I used to cook garlic mushrooms a lot back when I worked in the kitchen of my local pub. It always amazed me how something so easy and simple could taste so good, and become the overpoweringly best smell in a busy kitchen.
Fast forward a good 10 years and I decided it’d been far too long since I’d smelled that lovely combination of garlic and mushrooms sizzling away in butter. It was a Saturday morning and the perfect time to treat ourselves to something a little special (compared to weekday porridge).
I set out with the intention of making garlic mushrooms on toast but on my way, I made a few tweaks which really took it to the next level. We had a handful of cherry tomatoes left over from another dish and I didn’t want them going to waste so they got added in the pan. The tomatoes really bring another flavour to the party and help cut through the earthiness of the mushrooms.
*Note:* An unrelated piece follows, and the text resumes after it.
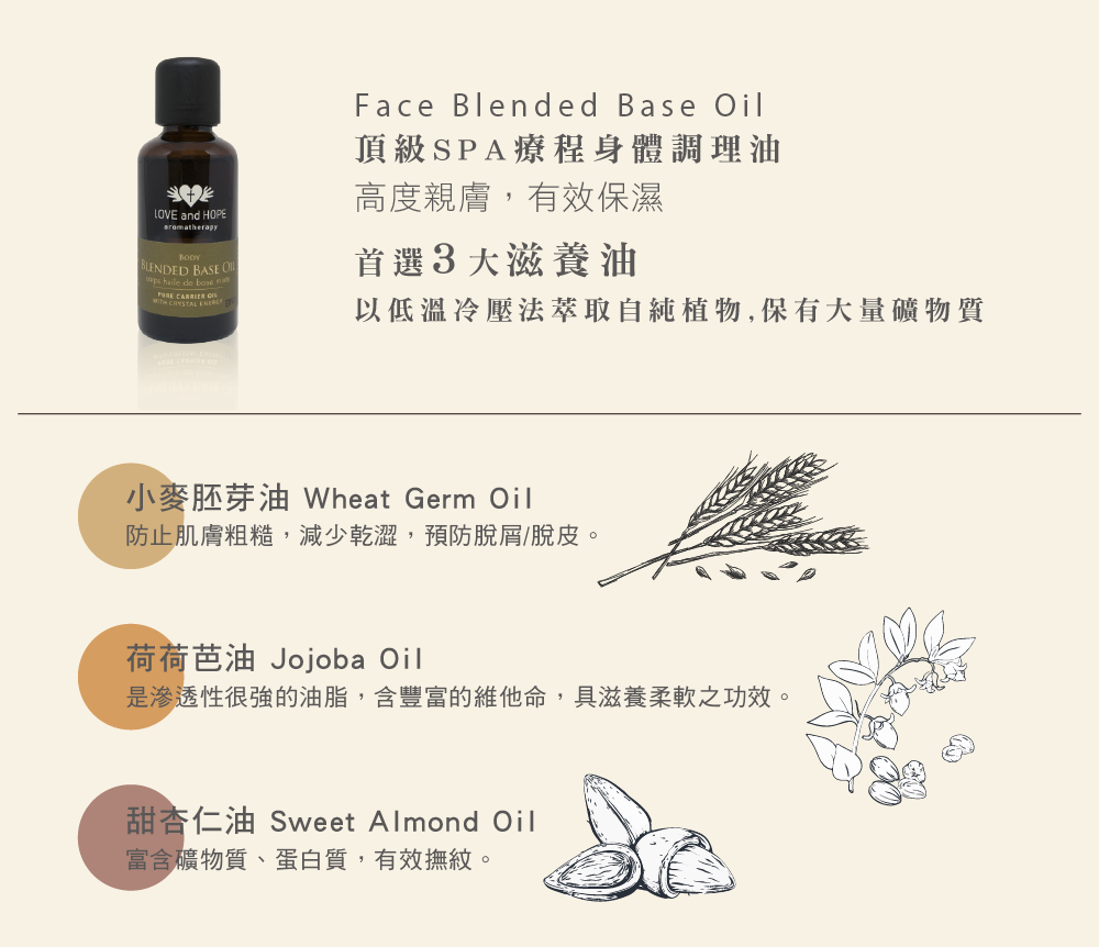 主要成份:小麥胚芽油、椰子油、甜杏仁油、荷荷芭油

The real deal-breaker though was the creamy spinach. We had a cupboard full of cashews and a big bag of spinach in the fridge that was on its way out. I didn’t fancy spinach-based smoothies all through the week so I decided to wilt some of it down and make a simple, thick cashew sauce to go with it. Man, it works.
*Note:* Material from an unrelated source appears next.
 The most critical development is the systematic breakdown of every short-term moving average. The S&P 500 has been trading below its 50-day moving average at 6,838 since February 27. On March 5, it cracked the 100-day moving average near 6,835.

It was so good, in fact, that we’ve had it for our last three Saturday breakfasts. And now that it’s perfect, it’s time to share it with you. Fair warning – Saturday’s will never be the same.
400g washed chestnut mushrooms, quartered
3 cloves of garlic, diced
100g cherry tomatoes, halved
1 tbsp olive oil
30g vegan spread
100g cashews, soaked overnight*
1/2 cup water
salt and pepper, to taste
4 slices of thick bread for toast
Parsley, to garnish
* It’s best to soak your cashews overnight to help the blender break them down. If you have a particularly good blender, then you may not need to soak the cashews beforehand.
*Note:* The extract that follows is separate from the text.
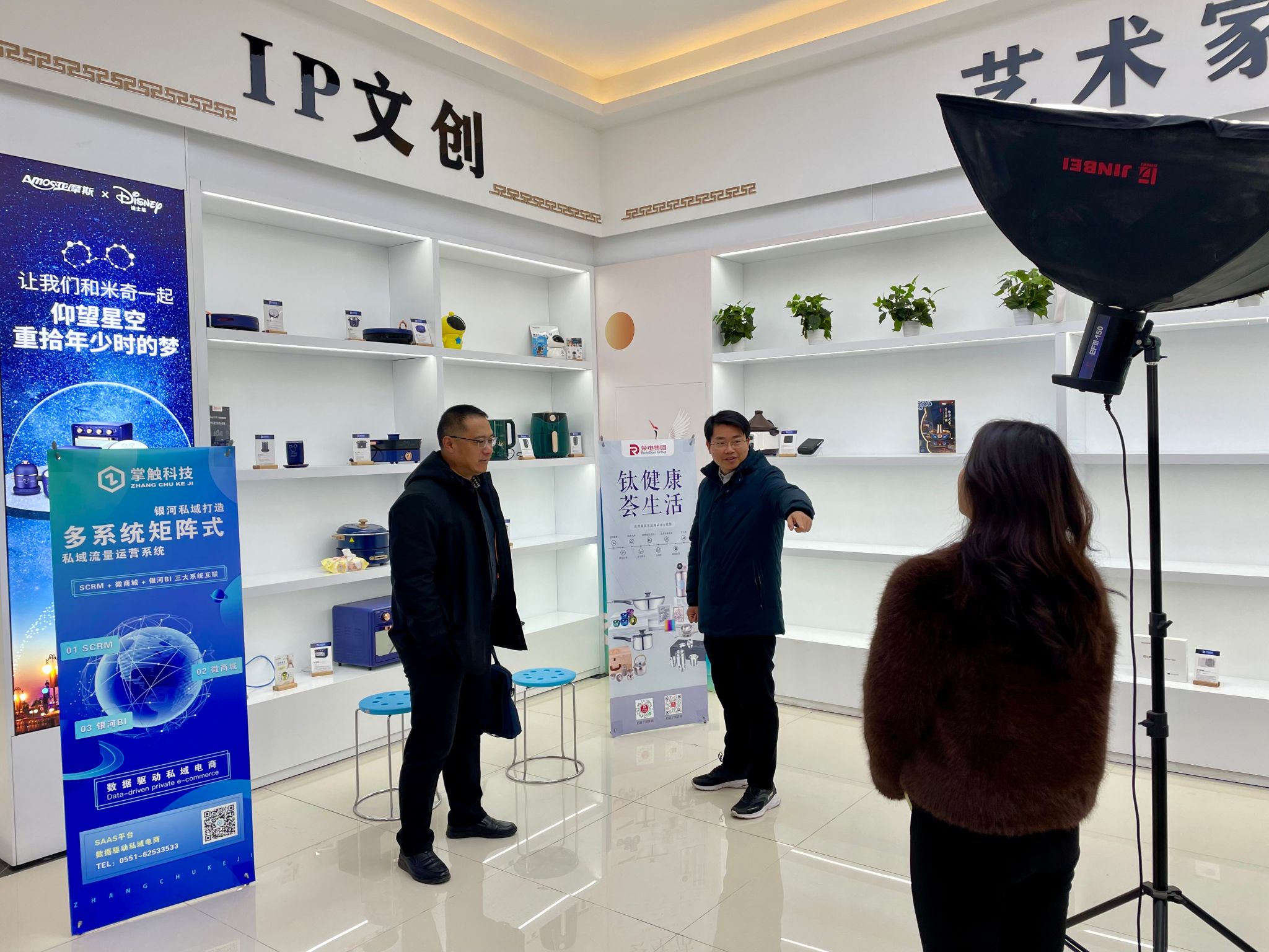 安徽晓庄信息技术有限公司负责人带领李超一行参观了晓庄产业园和电商直播创新中心,并重点介绍往年校企合作项目及产业服务内容。

Getting it made and into your mouth
Melt the butter in a frying pan over a low heat. Add the olive oil.
Add the garlic, mushrooms and tomatoes to the pan. Add a pinch of salt straight away and stir everything to combine.
Turn the heat up to medium and cook for 6-8 minutes, stirring occasionally.
Take off the heat and set aside.
Add the cashews, water and a pinch of salt and pepper to a blender. Blend until smooth.
To wilt the spinach, add a drop of water to a pan. Put on a high heat, add the spinach and cover. Shake the pan every 30 seconds. Cook for 2 minutes and then drain off any excess liquid. Add the creamy cashew sauce to the pan with the spinach and stir to combine. Take off the heat and set aside.
Toast the bread to your liking and serve two pieces on each plate. Spread the creamy cashew mix onto the toast and divide the mushrooms and tomatoes between the two plates. Garnish with parsley.